19206160_1634797773197947_1339798747_nIn the city, space is a commodity. I’ve always thought of cities as incongruous lonely spaces – so many people, so little humanity interacting.

But we are staying with friends in downtown Edinburgh, not a mile off Princes Street (downtown) and they have a walled garden…..

I love walled gardens. Your own little bit of marked off territory for just sitting, thinking, being quiet and contemplative with a book and a cup of tea, or loud and boisterous with instruments and a bottle of wine and a handful of mates.

In the middle of the city, you can find the greenery and the fountains and the people who actually live in the cities, whose lives are rooted like the gardens they plant in their little secret places.

Perhaps my fondness for gardens stems back to the day after Jack’s mum died, and I was away from home in Ayrshire, in Wigtown, Scotland’s book city, and had nowhere to go to be by myself and have a good cry.
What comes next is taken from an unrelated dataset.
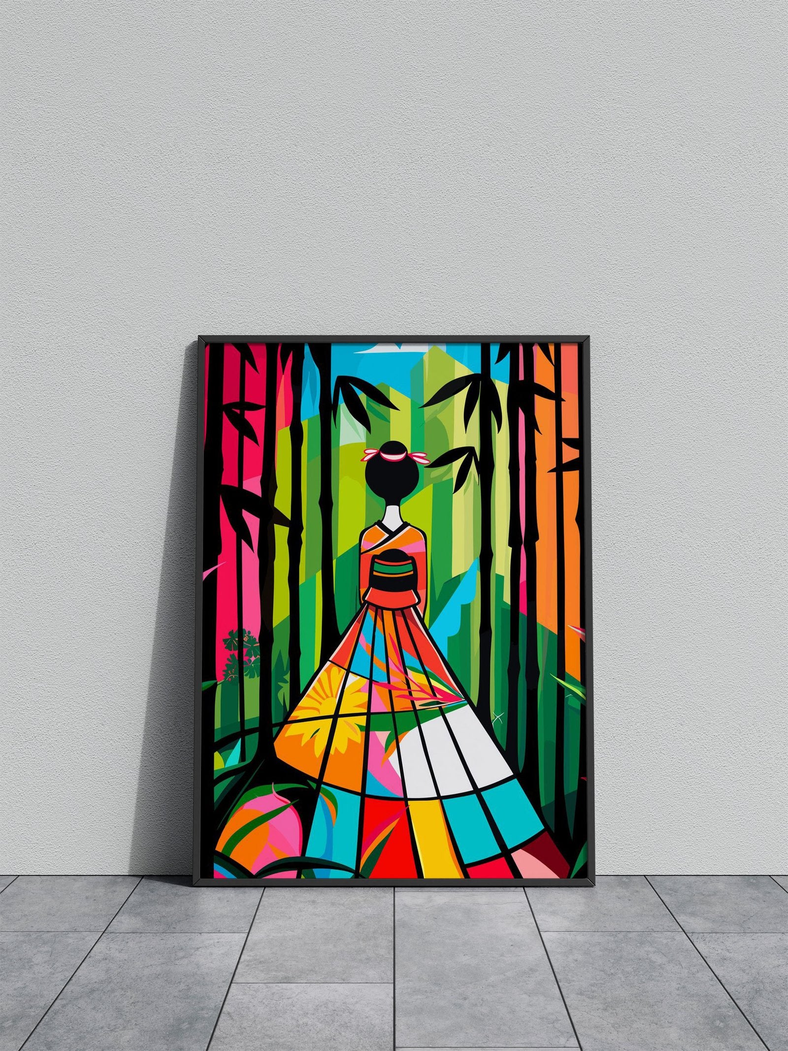 Bamboo Floral Kimono Asian Style Poster | Wall Art for Home & Office | High-Quality Print

And I spilled my guts to say as much to one of the bookshop owners, at Ceridwin’s Cauldron, and she took me back to her garden and brought me tea and told me to stay as long as I wanted. I spent an hour back there composing myself and being nothing but alone. Ever since then, walled gardens have been a special space.

The garden here at Barbara and Oliver’s has been a jolly place, shared for music and reminiscences and politics and the mystery of the noise coming from somewhere nearby. (Jack cracked that; it was a two-note sound not unlike the CLOSE ENCOUNTERS alien five-note theme, and he found the sewer pipe in the apartment next door was letting off gas, one note opening, the other closing. A farting building, in essence.)

Walled gardens are lovely, and every city has such little tucked-away spaces. Explore them when you can, with friends when you can. They are the heartbeat of humanity.